In the previous article, we talked about connecting data and analytics in a cloud first world. In this article, we will talk about a simple data integration workflow to the cloud. The workflow shows how IOPlane™ for Cloud can make leveraging the power of cloud for analytics highly simple.

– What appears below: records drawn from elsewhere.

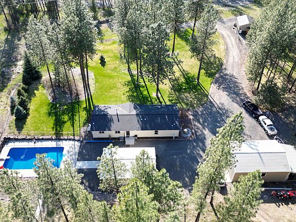 Immaculately cared for 5-Acre Estate with Pool, Garage, Shop, and ADU. This meticulously maintained 1809 sq. ft. home on 5 acres blends comfort, space, and tranquility. The property features a spacious 3-bed, 2-bath main home with 2 car garage, a 480 sq. ft. ADU with full kitchen and 3/4 bath, a 24’ x 36’ heated shop, and a 20' x 40' x 9' deep inground pool with diving board and thrilling sliding tube—perfect for both relaxation and entertainment. The main home offers an open layout, abundant natural light, and generous living spaces. The backyard oasis is ideal for outdoor gatherings, featuring a pool surrounded by natural landscaping and ample patio space. The heated shop is perfect for hobbies, storage, or a home business. With room for growth, gardening, and more, this 5-acre estate offers versatile living in a secluded yet convenient location, close to schools, shopping, and recreation. Don’t miss out on this exceptional property—schedule your showing today!
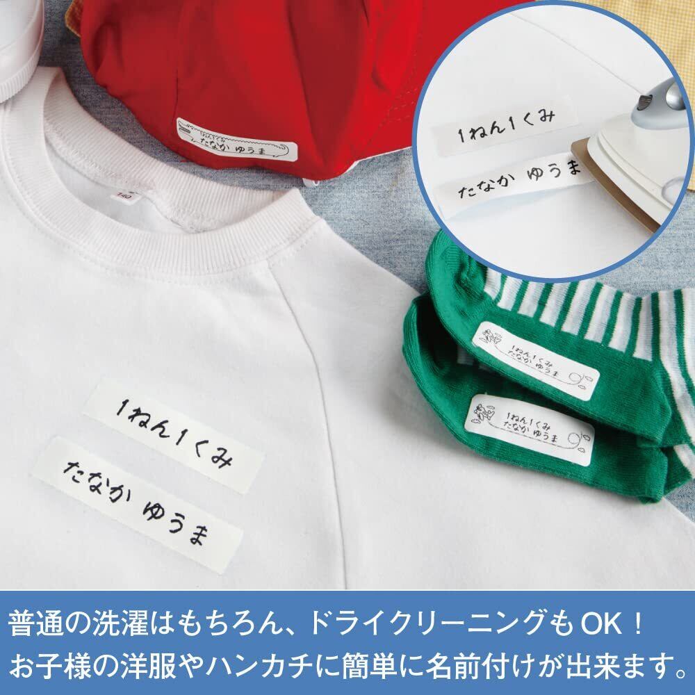 「テプラ」PROシリーズ専用テープ。12mm幅で、アイロンを使ってお子様の衣類やハンカチにお名前が付けられる。
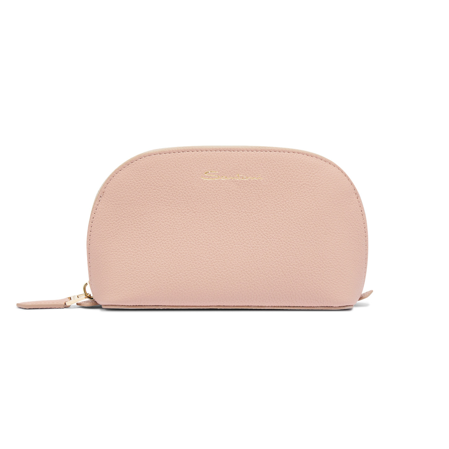 Compact proportions and artisanal charm define this Santoni pouch, enriching moments of beauty and travel with refined elegance. Crafted from tumbled leather, it’s equipped with a pocket on the inside for cards. Complete with a zip closure and debossed logo on the front. Product details Product ID: DFPPA2451FOHSIWP29 - Crafted from tumbled leather - Color: pink - Zip closure - Inside pocket with 2 card slots - Debossed Santoni logo on the front - Made in Le Marche, Italy
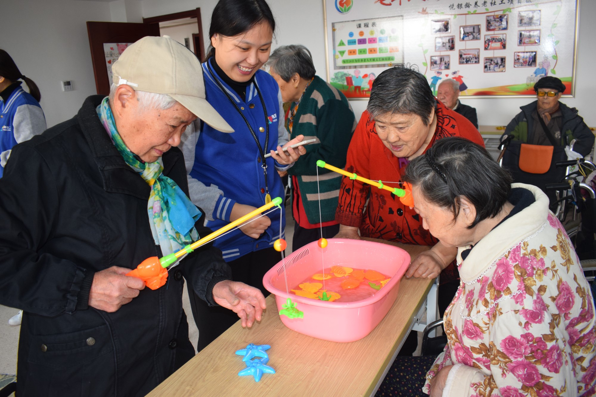 本次秋日运动会活动共分为三个环节。第一个环节为“心随手动”夹兵乓球,规则为老人用筷子将兵乓球从一个盆子运送到另一个盆子,在30秒之内运送乒乓球数量多的人胜出。第二个环节为“手眼协调”钓小鱼,在一分钟内钓出来的小鱼数量多的老人胜出。在第一环节和第二环节中胜出的老人可以分别获得一份小奖品,奖品虽小,但胜在心意。第三个环节为套“福禄”,社工把葫芦、水果摆放在地上,用套卷游戏的方式,每人五个不同颜色的圈,圈中的奖品当场领走。服务对象们踊跃参与,旁边的老人也在加油鼓劲,套中的老人拿着奖品高兴的像个孩子。赵奶奶说,“老人们在一起,热热闹闹,高高兴兴,这在住进养老院之前是根本想象不到的事情啊!”

Consider that you have a bunch of csv (comma-separated-value) files, and assume they are too large to even open in MS Excel properly, let’s say containing 10 million records. This example can be considered a small Big-Data file (pardon the oxymoron here :-)). And we want an efficient way to query such files using cloud based analytics. The query should be server-less, hence we use technology like AWS Athena or S3 Select. In this particular example, we use S3 Select.

#[root@iopxvm1 ~]# ls -lh 10million.csv

-rw-r–r– 1 root root 1.2G Sep 3 07:34 10million.csv

We configure IOPlane™ for Cloud with the following:

1.    Source Path for csv files – A source path where csv files can be ingested/generated.

2.    Transformation script – To convert csv to parquet.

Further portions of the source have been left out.